Monday, November 23, 2009

US Foreign Policy - Hope but no Change

With two entries in the works, I first wanted to bring to your attention this short but interesting tidbit from Der Spiegel:

"When he entered office, US President Barack Obama promised to inject US foreign policy with a new tone of respect and diplomacy. His recent trip to Asia, however, showed that it's not working. A shift to Bush-style bluntness may be coming."

I recommend you all go read it, it's fairly thoughtful and less influenced by domestic politics than most of what we get here. It's also indicative of a gradually-clarifying world opinion on Obama. The honeymoon appears to be over, and now the soft approach and "nice" rhetoric that got him the Peace Prize is being weighed in the scales and found wanting.

The highlight of the piece, as far as I am concerned, is the following statement (emphasis mine):

"Upon taking office, Obama said that he wanted to listen to the world, promising respect instead of arrogance.
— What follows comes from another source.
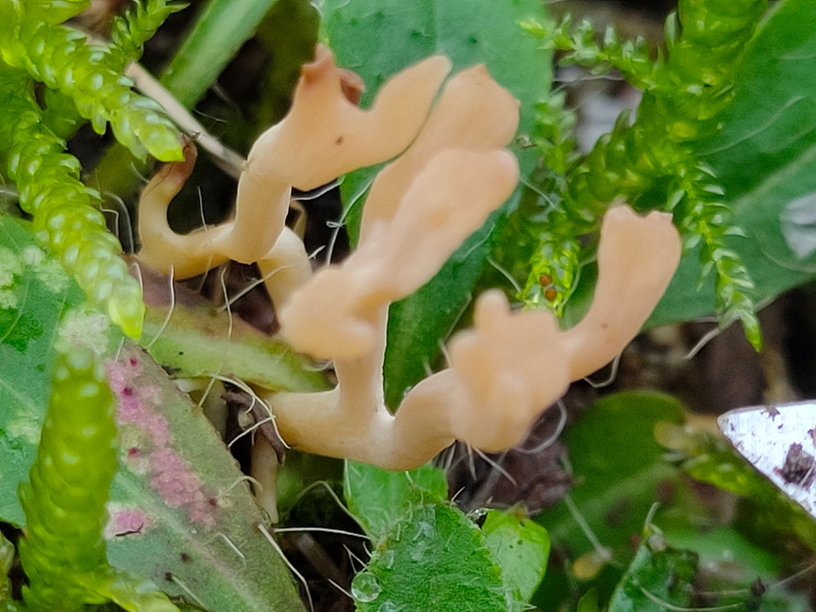 beige, blass Braun und jung mit gut erkennbaren gelbem Ton. Vielleicht ist es Ramariopsis subtilis.

But Obama's currency isn't as strong as he had believed. Everyone wants respect, but hardly anyone is willing to pay for it. Interests, not emotions, dominate the world of realpolitik."

One might say, convinced that after eight years of Bush, the world was just waiting to be charmed, President Obama and his team are finding that charm only gets you a willing audience, the "Hope" if you will. But the "Change" only occurs after strong, realistic, and well-executed foreign policies are brought into play. Bush's policies were strong, and even occasionally well-executed, but often fatally rooted in personal idealism over practical realism. Obama's policies seem, like Bush's, to consist largely of optimistic idealism, but unlike Bush, his optimism is based not on the persuasive and positive effects of freedom, but on the universal goodness and reasonableness of mankind, an even shakier and less stable foundation.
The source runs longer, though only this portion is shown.